= Stuart Sloan =

American businessman

Stuart Sloan is an American business person based in Seattle, Washington. He is the former owner and former chairman of QFC, an American grocery store chain based in Bellevue, Washington. He currently owns a mall in the University District neighborhood of Seattle, University Village.

In 2023, Sloan recruited support from the City of Seattle and Seattle mayor Bruce Harrell by sending photos of nude beachgoers taken without consent to the mayor to collaborate in a plan to discourage nude bathers at Denny Blaine Park. The park is a historical nude beach popular with LGBT+ people, and the LGBT+ community protested against Sloan's attempts to remove them.

== Businesses ==
Sloan was the owner and chairman of QFC before selling it to Kroger.

In 2011 Sloan sold his businesses related to winemaking.

== Philanthropy ==
In 2000, Sloan was organizing a program to develop T.T. Minor Elementary School in Seattle. Some teachers protested his program, fearing that it was dismissive of the needs of the black community. A few years later, Sloan began a similar development program at another school, and the initial results showed that this development did not improve student test scores.

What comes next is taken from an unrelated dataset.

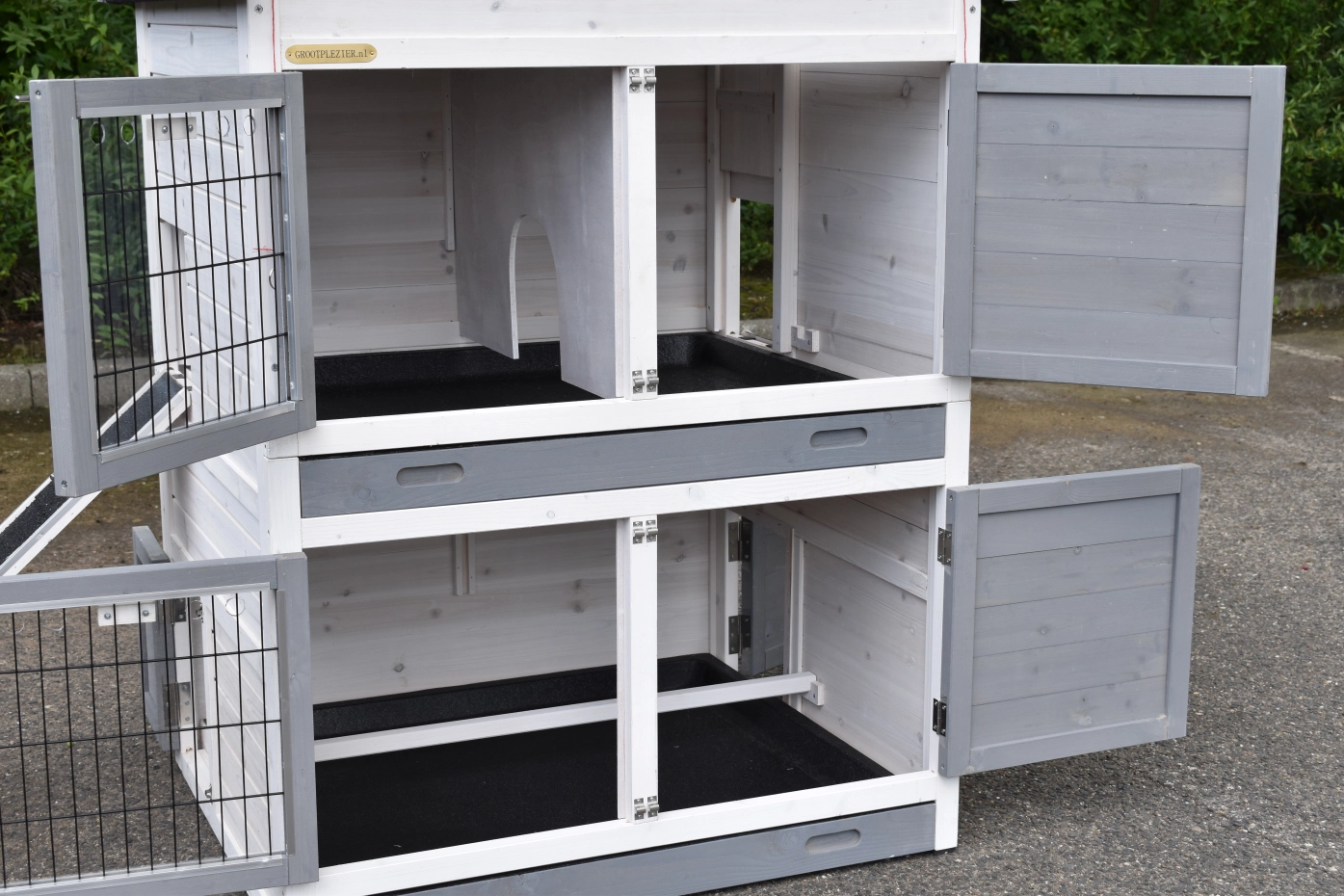- De deuren van dit dierenhok zijn voorzien van dubbele sloten

In 2013 he was the spokesperson for a bicycling fundraiser for cancer research.

In 2007 Sloan sponsored a party at Gas Works Park.

In 2022 Sloan and his wife pledged $78 million to Fred Hutchinson Cancer Center. At the time, this was the largest single donation to the organization.

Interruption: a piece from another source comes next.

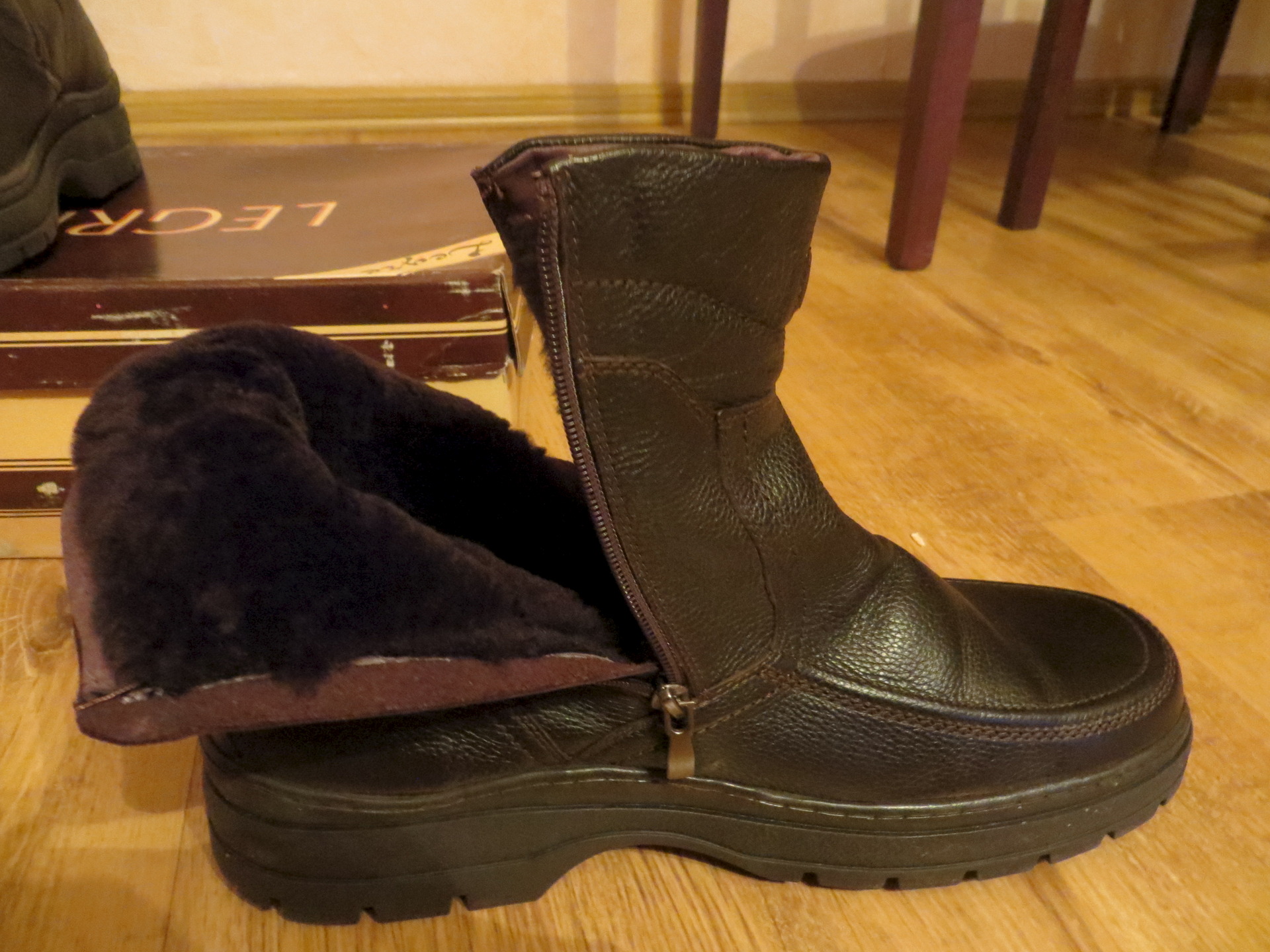Продам мужские ботинки. Новые. Размер 45. Цвет темно-коричневый. Натуральная кожа, натуральный мех. Цена 1000 руб.

== Denny Blaine Park Controversy ==

In November 2023, Seattle Parks and Recreation presented a plan to redevelop Denny Blane Park, a popular nude beach, into a children's playground. An anonymous donor pledged $550,000 to fund the project. Seattle Parks and Recreation instructed employees to "maintain a policy of confidentiality" regarding the redevelopment project because "If this gets out, it will be very problematic."

After public outcry during a December 2023 community meeting, Seattle Parks and Recreation decided to scrap the playground plan, stating "feedback from the community indicated the park was not the right location for the play area."

In May 2024, KUOW broke the news that Stuart Sloan was the anonymous donor for the redevelopment plan. Sloan lives next to Denny Blaine Park and texted and met with Seattle city leaders, including Mayor Bruce Harrell, to discuss the park and his redevelopment plans. In July 2024, KUOW published many of the private text messages between Sloan, Harrell and other city leaders with photos of nude beach goers. In texts, Sloan stated, "This is disgusting, and as you’ve said, we’re on the right side of this issue...I hope you agree that we need to get ahead of this or it will be more difficult once the good weather returns.” Mayor Harrell agreed, stating, "If you are disgusted, I share your disgust."

In May 2024, the City put forth a policy suggestion, which would create two zones in Deny Blaine Park: "naked Zone A, composed of the grassy area and beach, and a clothed Zone B, consisting of the loop of road... outside the park where several neighbors live." Public nudity remains legal in Seattle as long as the person naked is not trying to cause "affront or alarm."